Das habe ich auch schon gemacht


----------



## LockeTirol (13. Oktober 2015)

So, wie bereits angekündigt, wird es ja auch eine leichte Starrgabel für das 24er Bike geben. Natürlich nicht aus Alu oder Stahl - nein, aus Carbon 

Unser Muster hier wiegt gerade mal 500g - mit ungekürztem Schaft


----------



## Y_G (13. Oktober 2015)

kostet? will eine haben


----------



## LockeTirol (13. Oktober 2015)

Die is geil, ne 

Details später...


----------



## mistercamo74 (14. Oktober 2015)

ja das Teil ist echt sooooo lecker......und auch schon vorgeordert 

Ich weiß eigentlich garnicht mehr , wer sich mehr auf das Bike freut .... mein Sohn oder ich
Naja dem 24er sub8 sollte jetzt nichts mehr im Wege stehen.
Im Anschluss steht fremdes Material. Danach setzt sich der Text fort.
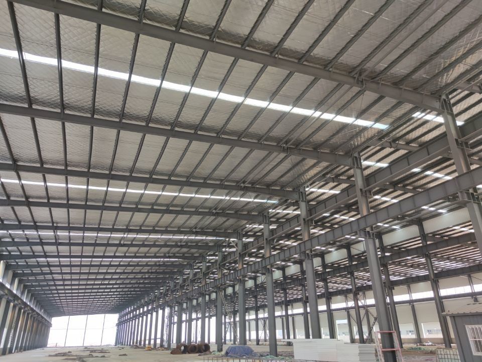 Prefabrykowana konstrukcja stalowa z możliwością dostosowania rozmiaru i wysoką odpornością na wiatr wykonana ze stali, obejmująca konstrukcję nośną i konstrukcję usztywniającą. Główna rama jest zaprojektowana jako sztywna rama portalowa, obejmująca słupy stalowe i belki stalowe. System usztywniający jest połączony z prętami ściągającymi, usztywnieniami poziomymi, usztywnieniami słupów oraz płatwiami i ryglem ściennym. Wszystkie elementy zapewniają stabilność i wytrzymałość całej konstrukcji. Stalowa rama portalowa i zewnętrzna konstrukcja obudowy stanowią zamkniętą konstrukcję budynku o wystarczającej wytrzymałości, aby wytrzymać trudne warunki atmosferyczne, takie jak silny wiatr, deszcz i śnieg.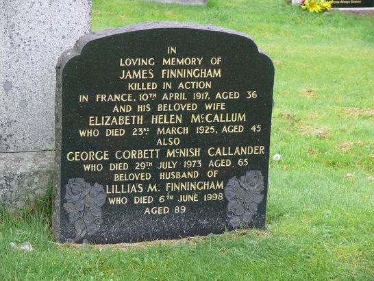 IN/LOVING MEMORY OF/JAMES FINNINGHAM/KILLED IN ACTION/IN FRANCE 10TH APRIL 1917 AGED 36/ALSO HIS BELOVED WIFE/ELIZABETH HELEN MCCALLUM/WHO DIED 23RD MARCH 1925 AGED 45/.....

Bilder werde ich dann mal hier einstellen.


----------



## MTB-News.de




----------



## LockeTirol (14. Oktober 2015)

Das freut mich und macht mich sehr stolz. Hoffe das wir das beste 24er und 26er Serien Kinderbike am Markt damit haben!


----------



## Y_G (14. Oktober 2015)

würde echt gerne wissen was die dann kosten soll, dann wären wir deutlich sub7


----------



## LockeTirol (14. Oktober 2015)

Frag Sören wegen dem Preis bitte


----------



## storck-riesen (14. Oktober 2015)

Die armen Kids, müssen ungefedert über die Trails hoppeln damit Papa sein Sub 7 oder Sub 8 schafft. 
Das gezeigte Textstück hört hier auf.